Required work:
Practice item. Set the material below down again exactly, with no pictures.

Stored data:
>>>

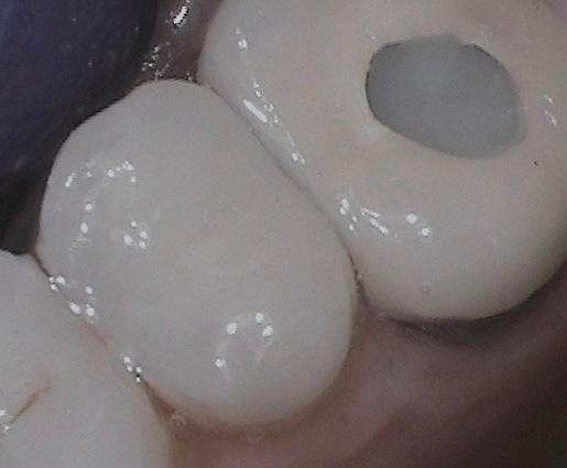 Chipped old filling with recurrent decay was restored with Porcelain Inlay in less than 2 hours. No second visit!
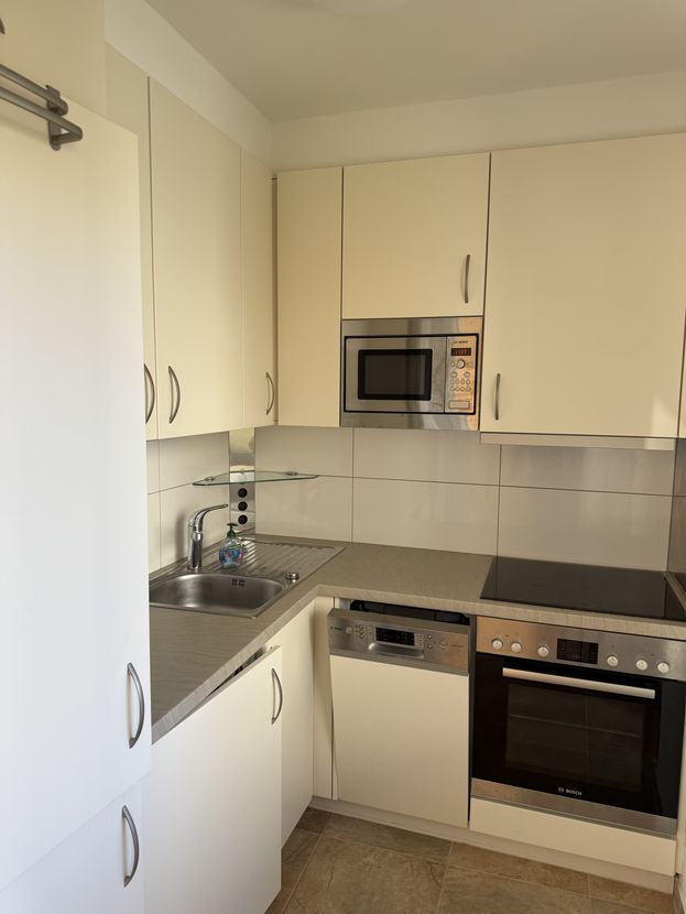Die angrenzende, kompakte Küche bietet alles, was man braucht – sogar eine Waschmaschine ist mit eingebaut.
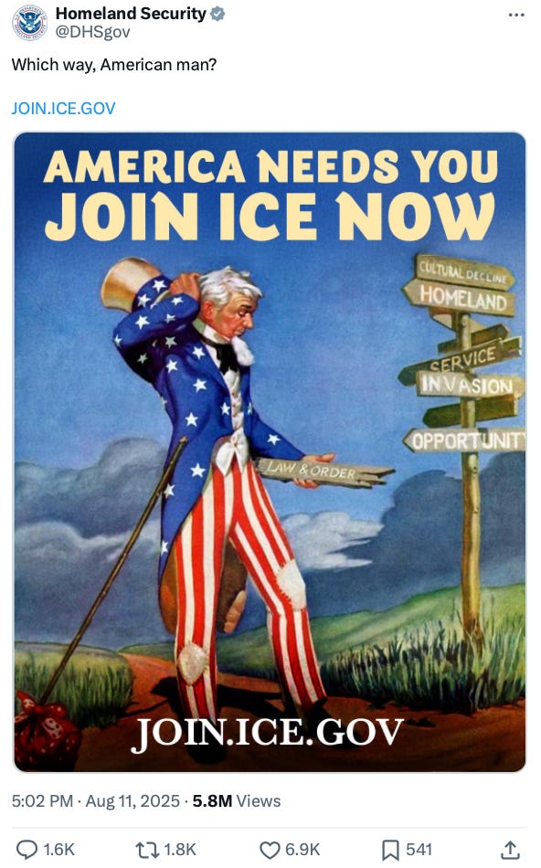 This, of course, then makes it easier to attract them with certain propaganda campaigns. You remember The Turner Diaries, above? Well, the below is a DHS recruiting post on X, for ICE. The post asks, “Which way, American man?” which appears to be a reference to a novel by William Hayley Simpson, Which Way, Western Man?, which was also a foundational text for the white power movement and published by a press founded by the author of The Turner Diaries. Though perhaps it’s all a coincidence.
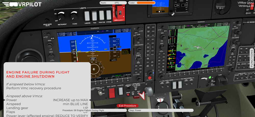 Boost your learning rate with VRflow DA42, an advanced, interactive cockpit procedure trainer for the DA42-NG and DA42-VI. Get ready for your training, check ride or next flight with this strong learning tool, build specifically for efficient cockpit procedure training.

<<<

Exercise result:
 Chipped old filling with recurrent decay was restored with Porcelain Inlay in less than 2 hours. No second visit!
Die angrenzende, kompakte Küche bietet alles, was man braucht – sogar eine Waschmaschine ist mit eingebaut.
 This, of course, then makes it easier to attract them with certain propaganda campaigns. You remember The Turner Diaries, above? Well, the below is a DHS recruiting post on X, for ICE. The post asks, “Which way, American man?” which appears to be a reference to a novel by William Hayley Simpson, Which Way, Western Man?, which was also a foundational text for the white power movement and published by a press founded by the author of The Turner Diaries. Though perhaps it’s all a coincidence.
 Boost your learning rate with VRflow DA42, an advanced, interactive cockpit procedure trainer for the DA42-NG and DA42-VI. Get ready for your training, check ride or next flight with this strong learning tool, build specifically for efficient cockpit procedure training.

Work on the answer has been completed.